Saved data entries
---
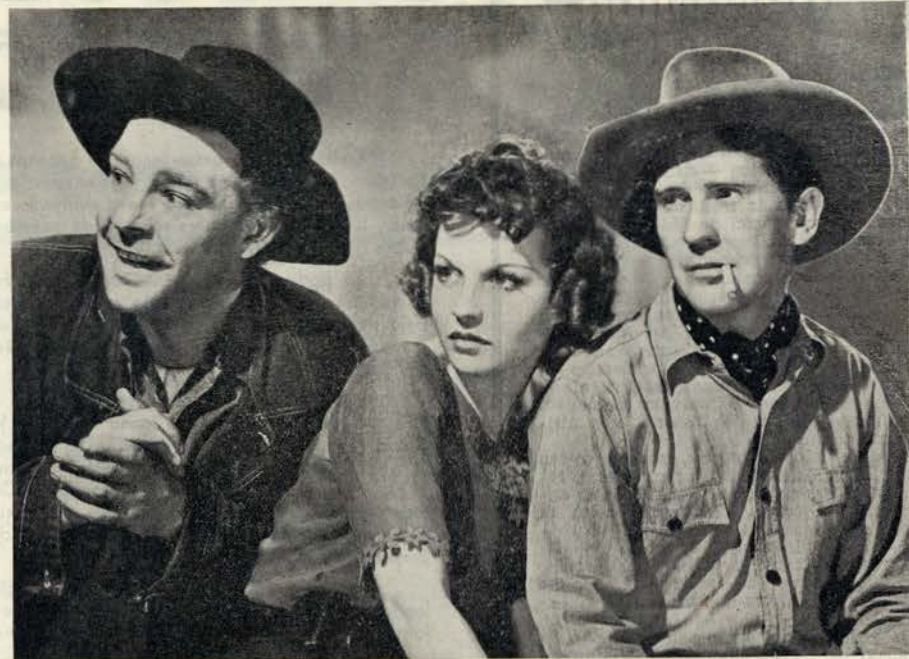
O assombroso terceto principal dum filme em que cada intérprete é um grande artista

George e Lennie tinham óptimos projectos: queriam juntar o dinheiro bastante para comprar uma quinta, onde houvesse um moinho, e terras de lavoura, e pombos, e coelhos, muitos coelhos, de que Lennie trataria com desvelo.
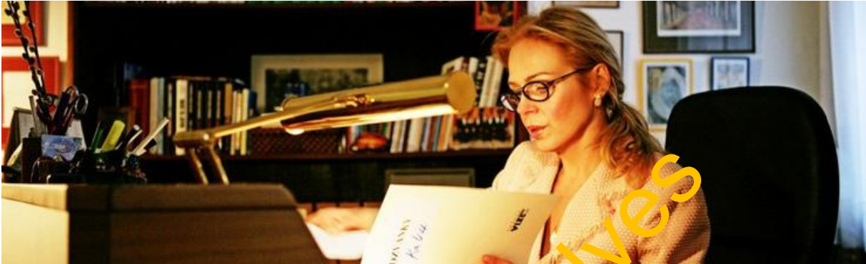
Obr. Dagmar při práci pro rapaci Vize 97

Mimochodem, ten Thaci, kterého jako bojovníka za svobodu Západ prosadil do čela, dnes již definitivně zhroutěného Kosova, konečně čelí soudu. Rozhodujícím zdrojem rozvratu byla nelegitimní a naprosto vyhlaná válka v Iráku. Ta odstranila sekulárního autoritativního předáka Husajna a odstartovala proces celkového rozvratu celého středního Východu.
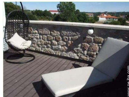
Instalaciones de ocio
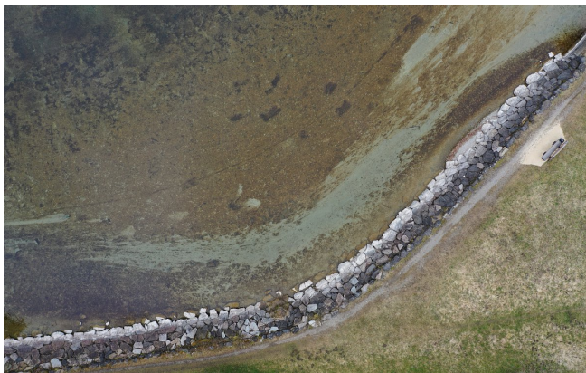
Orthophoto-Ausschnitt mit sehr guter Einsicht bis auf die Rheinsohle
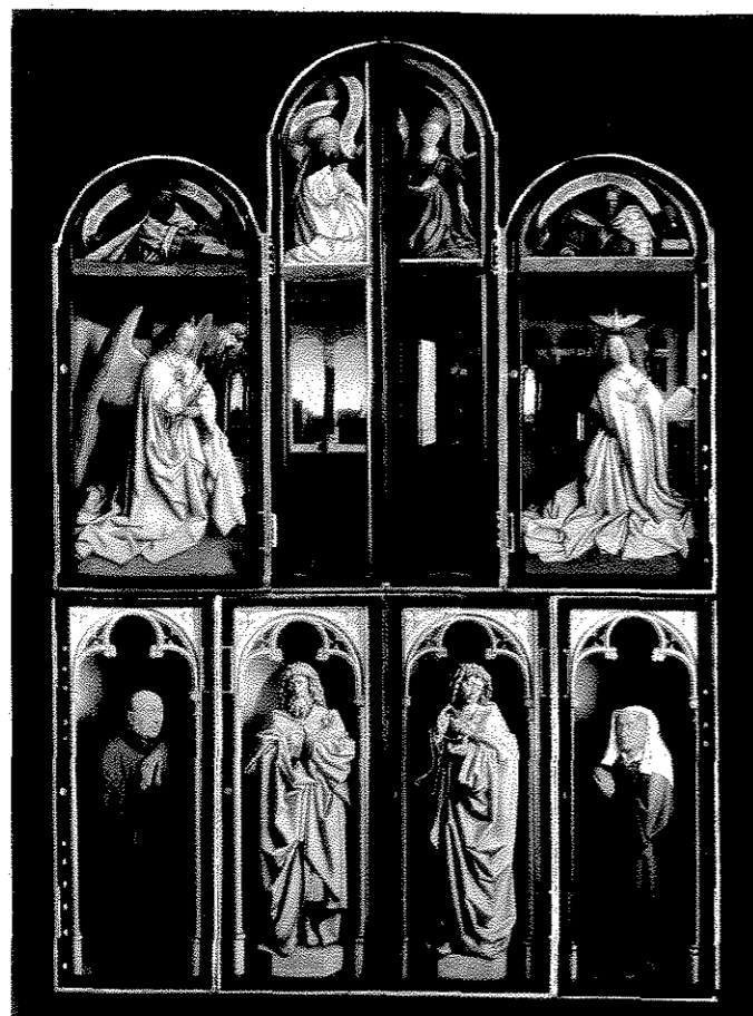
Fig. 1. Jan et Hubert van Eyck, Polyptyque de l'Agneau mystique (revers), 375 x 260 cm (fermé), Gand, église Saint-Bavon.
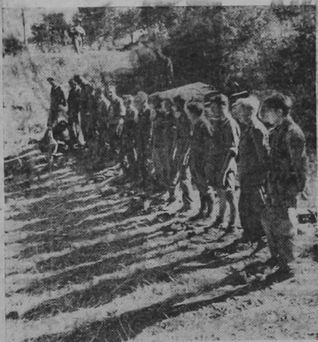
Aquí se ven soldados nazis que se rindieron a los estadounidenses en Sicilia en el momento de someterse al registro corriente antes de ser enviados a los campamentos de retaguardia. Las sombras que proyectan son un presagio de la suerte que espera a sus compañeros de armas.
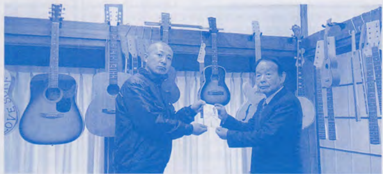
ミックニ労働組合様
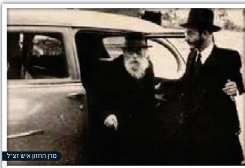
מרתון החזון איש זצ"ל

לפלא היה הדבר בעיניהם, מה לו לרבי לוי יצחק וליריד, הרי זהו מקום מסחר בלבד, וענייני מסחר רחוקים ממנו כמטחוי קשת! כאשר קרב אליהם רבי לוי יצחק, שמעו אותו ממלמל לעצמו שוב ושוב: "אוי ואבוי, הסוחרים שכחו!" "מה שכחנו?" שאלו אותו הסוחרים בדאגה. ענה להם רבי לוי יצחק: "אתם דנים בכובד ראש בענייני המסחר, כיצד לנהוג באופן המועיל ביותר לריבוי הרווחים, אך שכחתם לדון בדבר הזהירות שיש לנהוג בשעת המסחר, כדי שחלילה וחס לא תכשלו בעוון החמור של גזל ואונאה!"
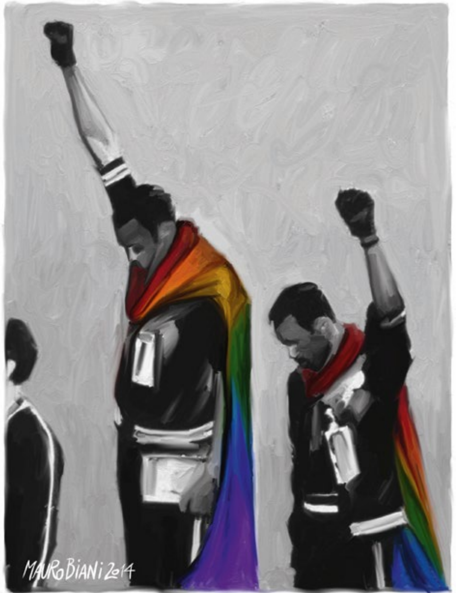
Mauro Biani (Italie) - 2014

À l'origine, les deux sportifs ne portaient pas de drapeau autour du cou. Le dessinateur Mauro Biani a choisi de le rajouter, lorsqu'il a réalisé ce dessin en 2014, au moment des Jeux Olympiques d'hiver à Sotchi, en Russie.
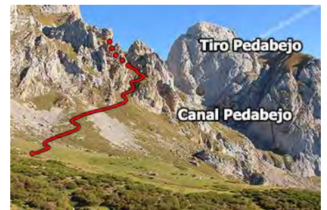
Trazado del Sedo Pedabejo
---
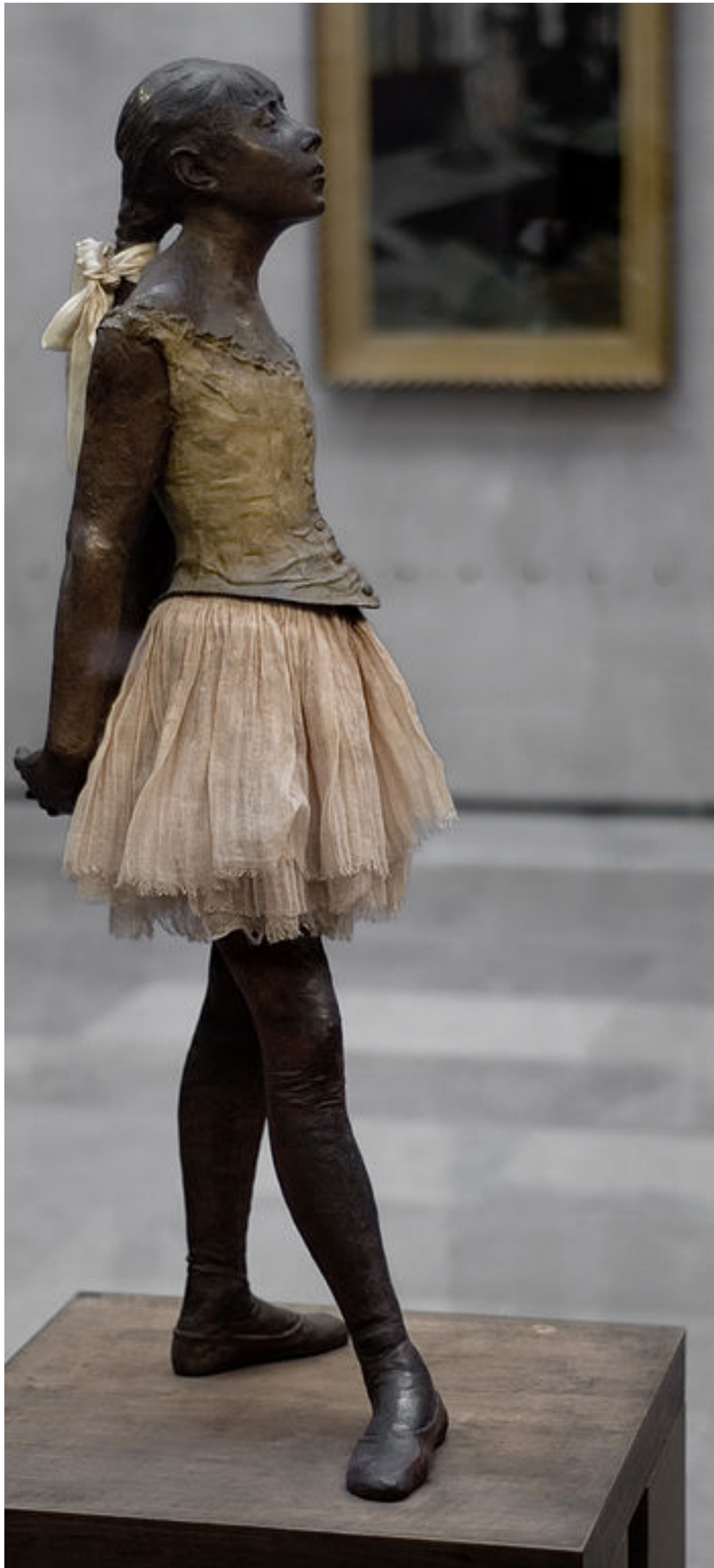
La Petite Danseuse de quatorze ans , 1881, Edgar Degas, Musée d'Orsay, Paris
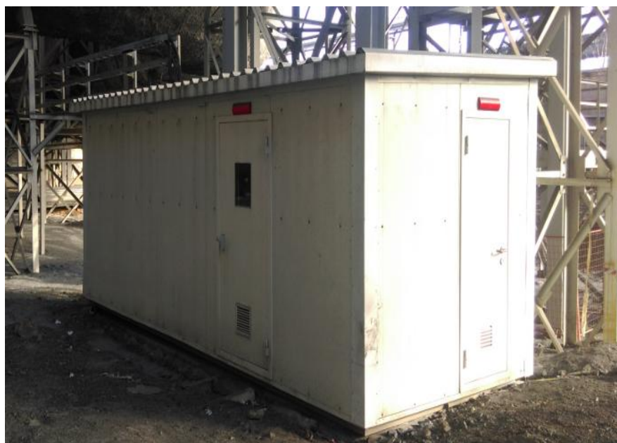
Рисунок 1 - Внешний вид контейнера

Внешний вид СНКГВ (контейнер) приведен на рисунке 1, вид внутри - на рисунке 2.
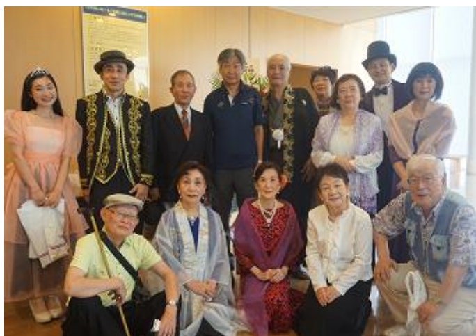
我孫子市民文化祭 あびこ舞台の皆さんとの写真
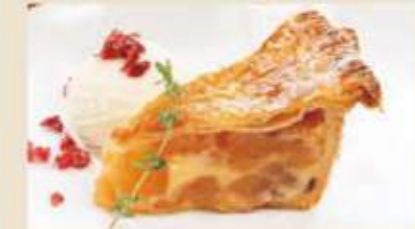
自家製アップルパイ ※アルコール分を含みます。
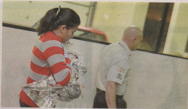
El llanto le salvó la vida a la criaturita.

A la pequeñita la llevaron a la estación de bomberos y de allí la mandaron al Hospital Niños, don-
---
◆ **What you have to do**: Would you set down only the lines above from the line with "O assombroso terceto" to the line with "Orthophoto-Ausschnitt mit sehr", both included, exactly as they stand and without the pictures?

◆ **The completed task**:
O assombroso terceto principal dum filme em que cada intérprete é um grande artista

George e Lennie tinham óptimos projectos: queriam juntar o dinheiro bastante para comprar uma quinta, onde houvesse um moinho, e terras de lavoura, e pombos, e coelhos, muitos coelhos, de que Lennie trataria com desvelo.
Obr. Dagmar při práci pro rapaci Vize 97

Mimochodem, ten Thaci, kterého jako bojovníka za svobodu Západ prosadil do čela, dnes již definitivně zhroutěného Kosova, konečně čelí soudu. Rozhodujícím zdrojem rozvratu byla nelegitimní a naprosto vyhlaná válka v Iráku. Ta odstranila sekulárního autoritativního předáka Husajna a odstartovala proces celkového rozvratu celého středního Východu.
Instalaciones de ocio
Orthophoto-Ausschnitt mit sehr guter Einsicht bis auf die Rheinsohle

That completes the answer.